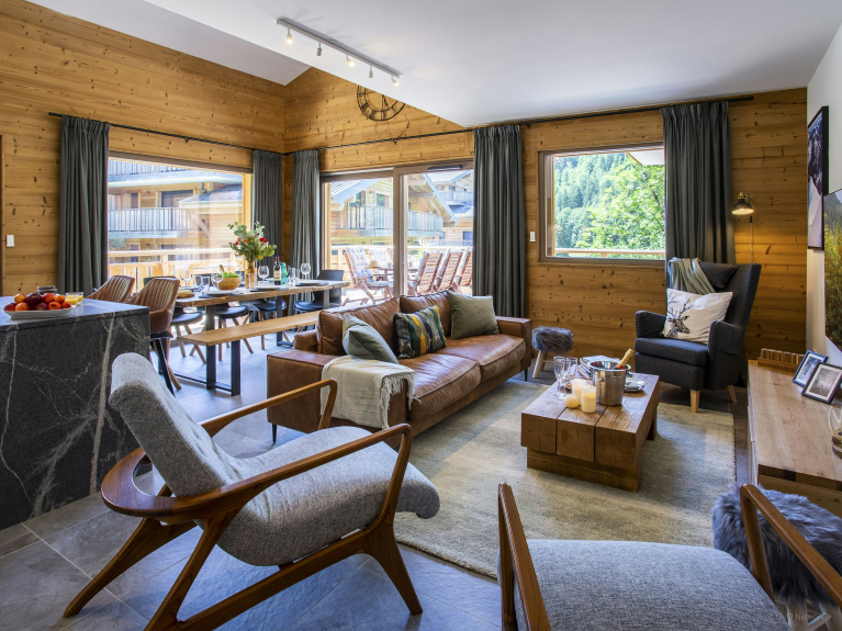 Al estar situado en la tercera planta de un edificio, en un rincón tranquilo del valle de Abondance, su terraza ofrece espléndidas vistas del bosque y las montañas circundantes.
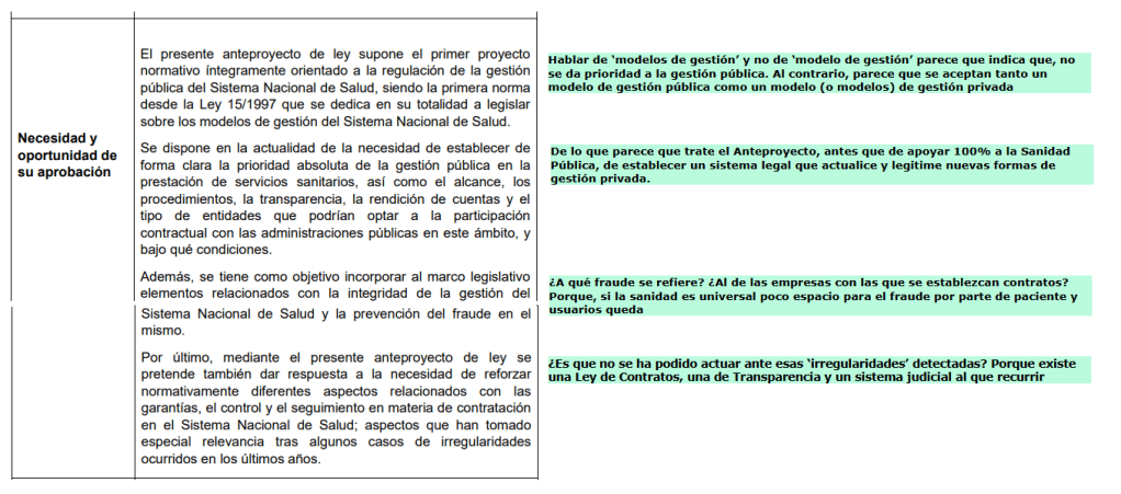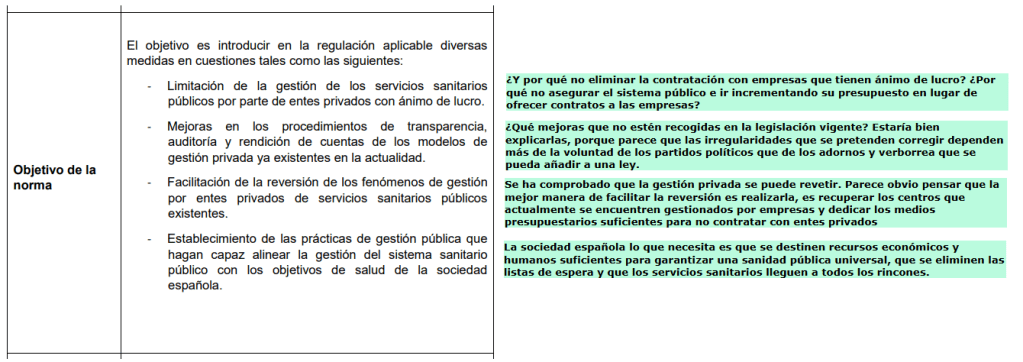 En la columna de la izquierda el texto que nos presenta el Ministerio para la consulta. A la derecha, en verde, algunas explicaciones complementarias.
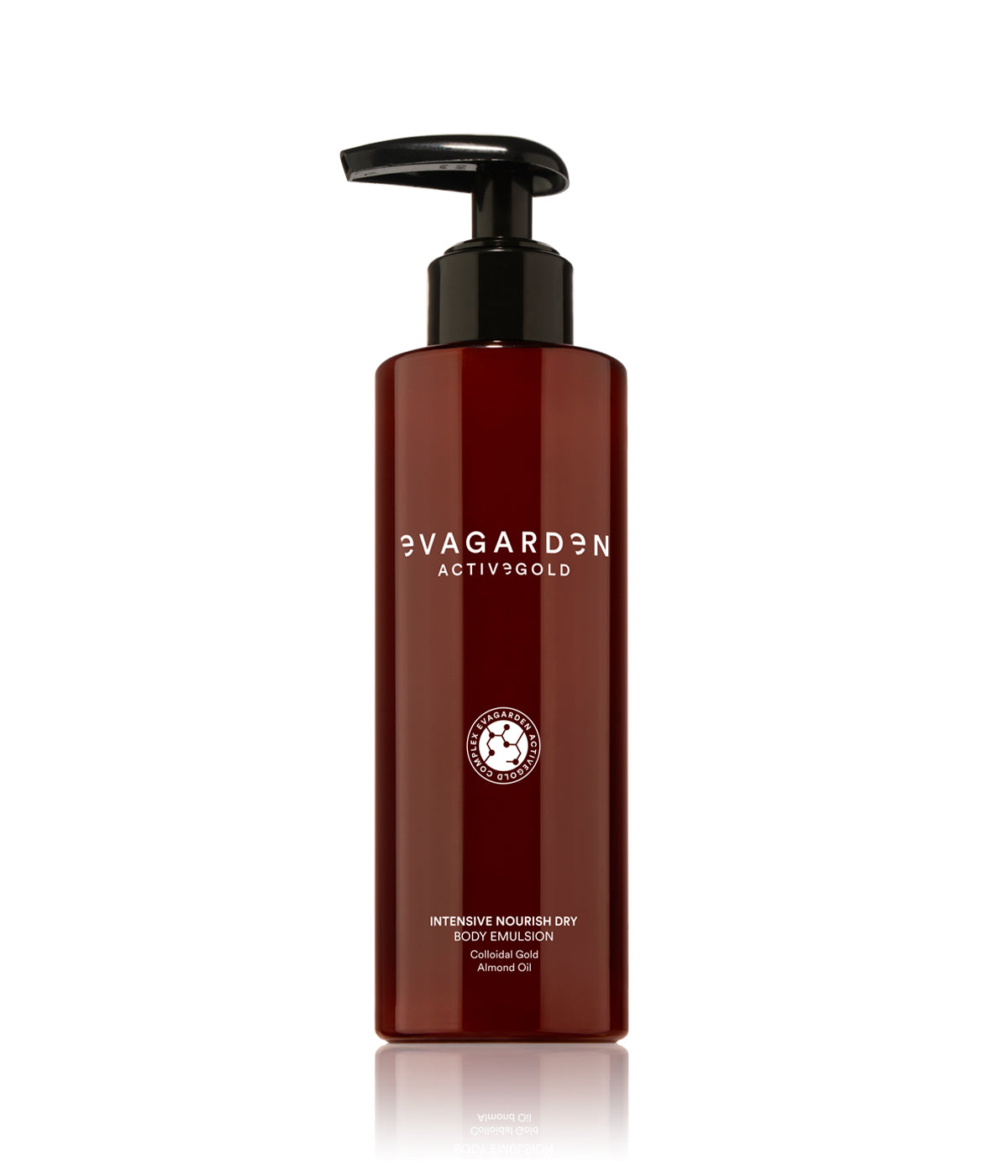EVAGARDEN ACTIVEGOLD COMPLEX: Colloidal Gold, Collagen Peptide, Elastin Peptide and Hemp Oil fused together create a unique elixir to regenerate, nourish and rejuvenate the skin.
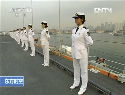 女性艦員在遼寧艦上站坡。據(jù)該艦政委介紹,遼寧艦上配備了將近5%的女性艦員。央視截圖
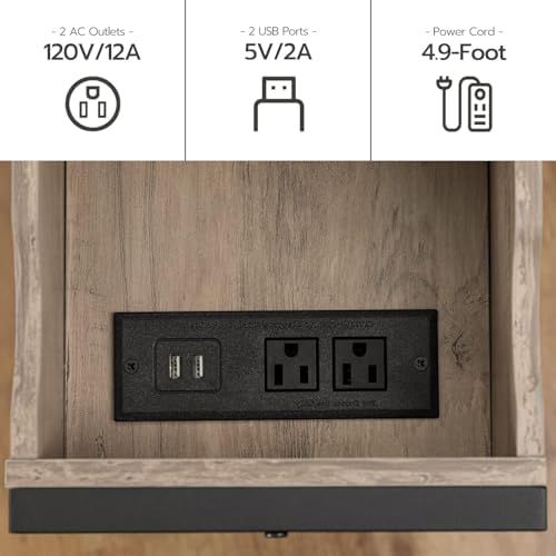 The end table includes two 3-hole sockets and 2 USB ports.
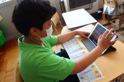 疑問に思った点を、タブレットで調べているところです。
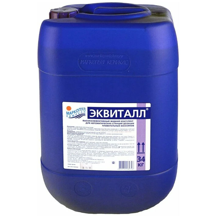 Перед проведением коагуляции следует проверить и при необходимости довести до нормы значения рН (7,0-7,4) и свободного хлора (0,3-0,6 мг/л), 90 — 180 мл «Эквиталла» очень медленно вливают в скиммер при работающем циркуляционном насосе, после чего необходимо выключить насос на 20 мин (для накопления слоя хлопьев).
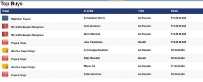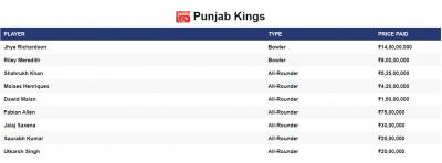 लिलावात खरेदी केलेले खेळाडू ( Players bought at Auction)- झाय रिचर्डसन ( Jhye Richardson) १४ कोटी, शाहरुख खान ( Shahrukh Khan) ५.२५ कोटी, डेवीड मलान (Dawid Malan) १.५ कोटी, रिली मेरेडीथ (Riley Meredith) ८ कोटी, मोईसेस हेन्रीक्स ( Moises Henriques) ४.२० कोटी, जलाज सक्सेना ( Jalaj Saxena) ३० लाख, उत्कर्ष सिंग ( Utkarsh Singh) २० लाख, फॅबीयन अलेन ( Fabian Allen) ७५ लाख, सौरभ कुमार ( Saurabh Kumar) २० लाख.
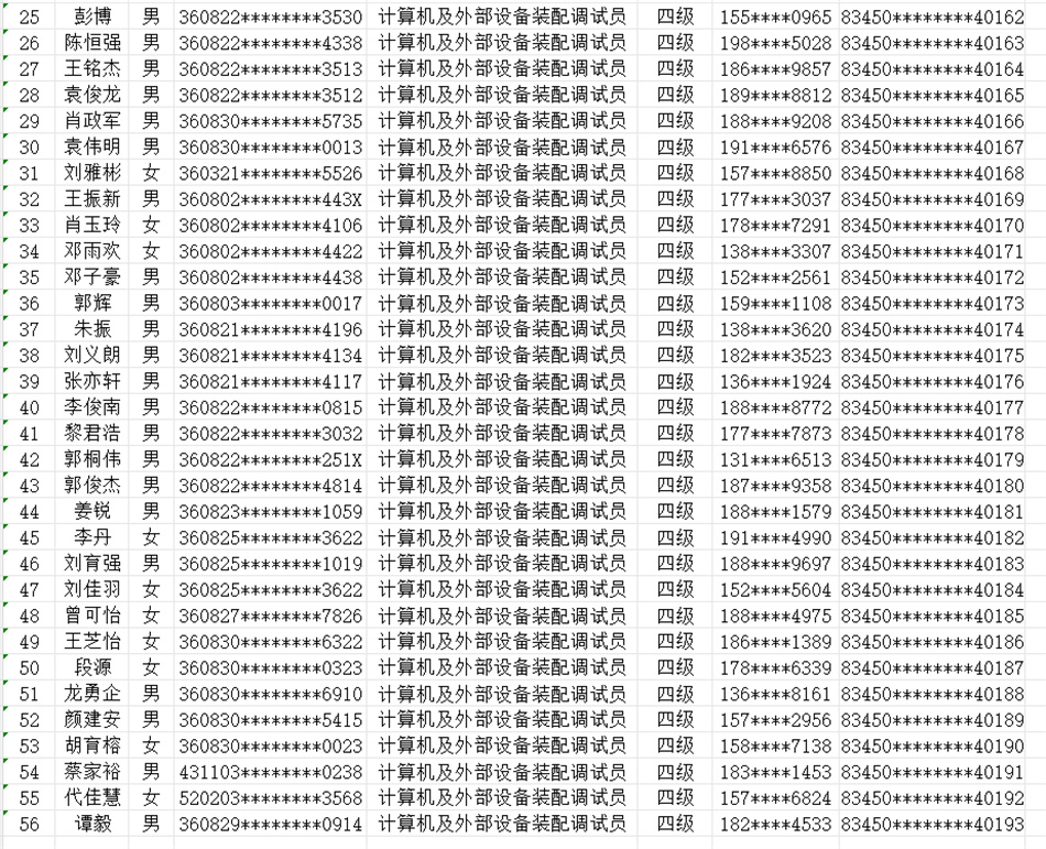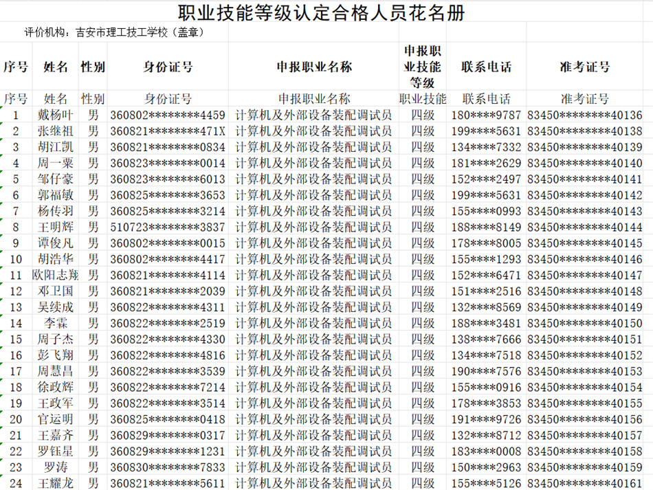 按照《贛人社規(guī)〔2022〕7號》文件精神。我校于2025年10月24日開展了計算機及外部設(shè)備裝配調(diào)試員(計算機整機裝配調(diào)試員)等級認(rèn)定,共58人(四級),通過認(rèn)定考核56人。現(xiàn)對認(rèn)定考核合格人員進(jìn)行公示。(名單附后)
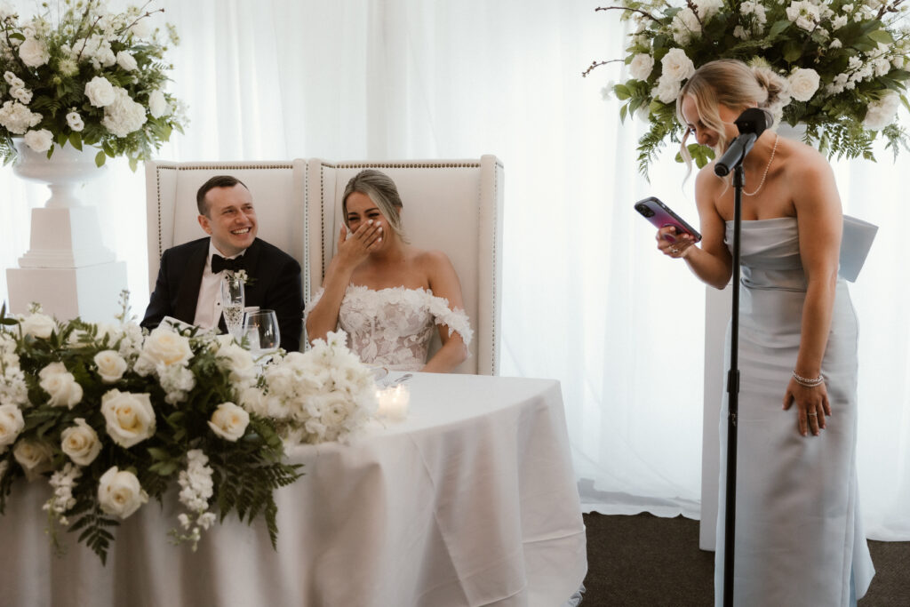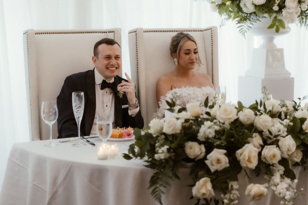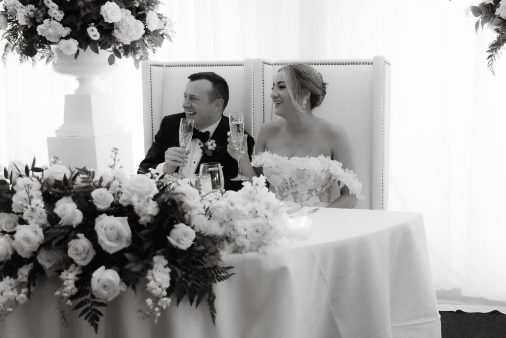 The reception began at 6:00pm on Shelving Rock Terrace, where the evening quickly shifted into celebration mode. Dinner was served at 7:00pm, followed by parent dances, heartfelt toasts, and a packed dance floor.
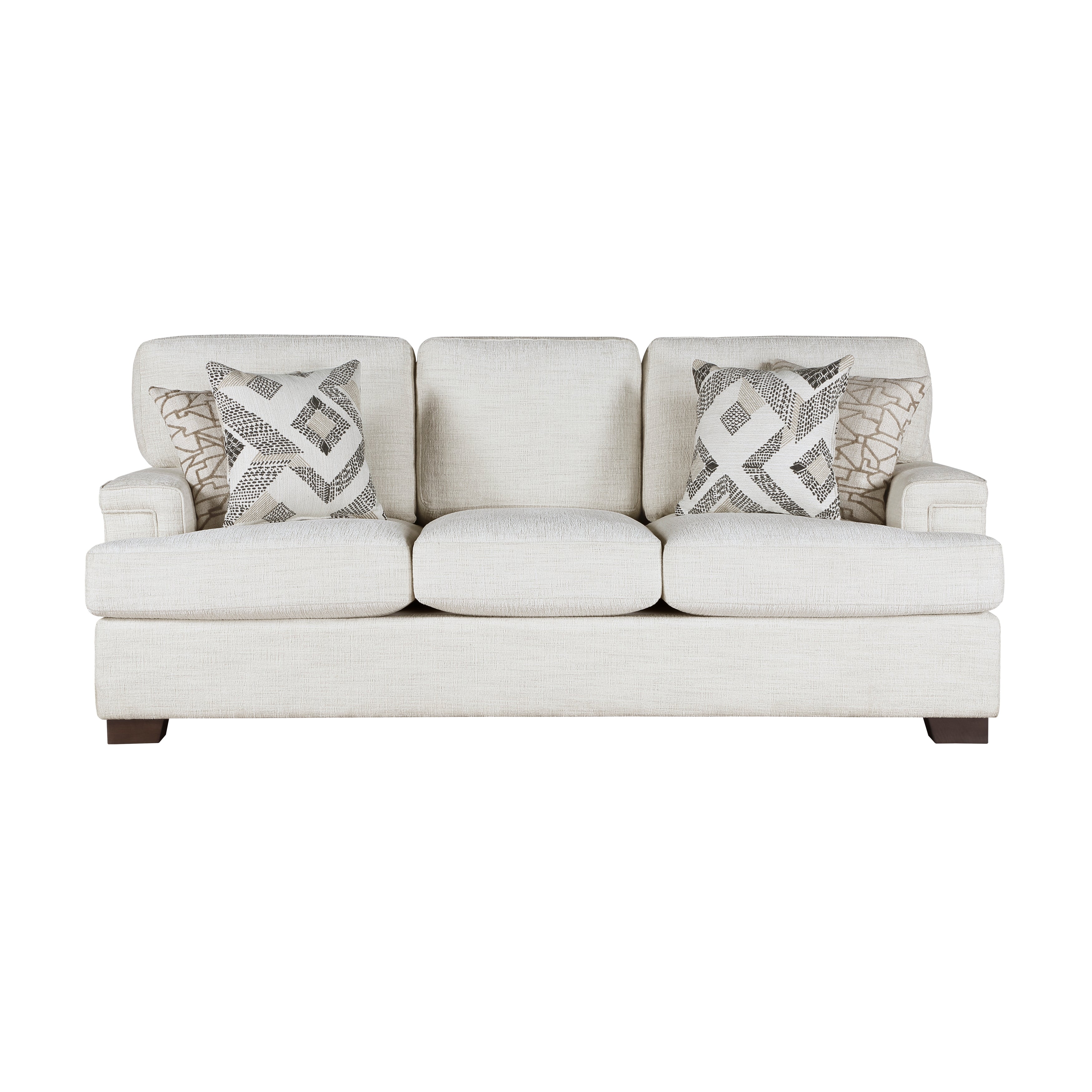 Subtle modern elegance lends its design inspiration to create the lines of the Orson Collection. Substantially sized for your comfort, the distinct profile of the sofa lends ample seating space to your living room. Cream chenille fabric upholstery covers the collection with espresso-hued wood legs providing support. Contrasting decorative toss pillows provide accent to the sofa.

■ Brief: Write out the listing above exactly, images omitted.

■ Solution to the problem:
 Al estar situado en la tercera planta de un edificio, en un rincón tranquilo del valle de Abondance, su terraza ofrece espléndidas vistas del bosque y las montañas circundantes.
 En la columna de la izquierda el texto que nos presenta el Ministerio para la consulta. A la derecha, en verde, algunas explicaciones complementarias.
EVAGARDEN ACTIVEGOLD COMPLEX: Colloidal Gold, Collagen Peptide, Elastin Peptide and Hemp Oil fused together create a unique elixir to regenerate, nourish and rejuvenate the skin.
 女性艦員在遼寧艦上站坡。據(jù)該艦政委介紹,遼寧艦上配備了將近5%的女性艦員。央視截圖
 The end table includes two 3-hole sockets and 2 USB ports.
 疑問に思った点を、タブレットで調べているところです。
 Перед проведением коагуляции следует проверить и при необходимости довести до нормы значения рН (7,0-7,4) и свободного хлора (0,3-0,6 мг/л), 90 — 180 мл «Эквиталла» очень медленно вливают в скиммер при работающем циркуляционном насосе, после чего необходимо выключить насос на 20 мин (для накопления слоя хлопьев).
 लिलावात खरेदी केलेले खेळाडू ( Players bought at Auction)- झाय रिचर्डसन ( Jhye Richardson) १४ कोटी, शाहरुख खान ( Shahrukh Khan) ५.२५ कोटी, डेवीड मलान (Dawid Malan) १.५ कोटी, रिली मेरेडीथ (Riley Meredith) ८ कोटी, मोईसेस हेन्रीक्स ( Moises Henriques) ४.२० कोटी, जलाज सक्सेना ( Jalaj Saxena) ३० लाख, उत्कर्ष सिंग ( Utkarsh Singh) २० लाख, फॅबीयन अलेन ( Fabian Allen) ७५ लाख, सौरभ कुमार ( Saurabh Kumar) २० लाख.
 按照《贛人社規(guī)〔2022〕7號》文件精神。我校于2025年10月24日開展了計算機及外部設(shè)備裝配調(diào)試員(計算機整機裝配調(diào)試員)等級認(rèn)定,共58人(四級),通過認(rèn)定考核56人。現(xiàn)對認(rèn)定考核合格人員進(jìn)行公示。(名單附后)
 The reception began at 6:00pm on Shelving Rock Terrace, where the evening quickly shifted into celebration mode. Dinner was served at 7:00pm, followed by parent dances, heartfelt toasts, and a packed dance floor.
 Subtle modern elegance lends its design inspiration to create the lines of the Orson Collection. Substantially sized for your comfort, the distinct profile of the sofa lends ample seating space to your living room. Cream chenille fabric upholstery covers the collection with espresso-hued wood legs providing support. Contrasting decorative toss pillows provide accent to the sofa.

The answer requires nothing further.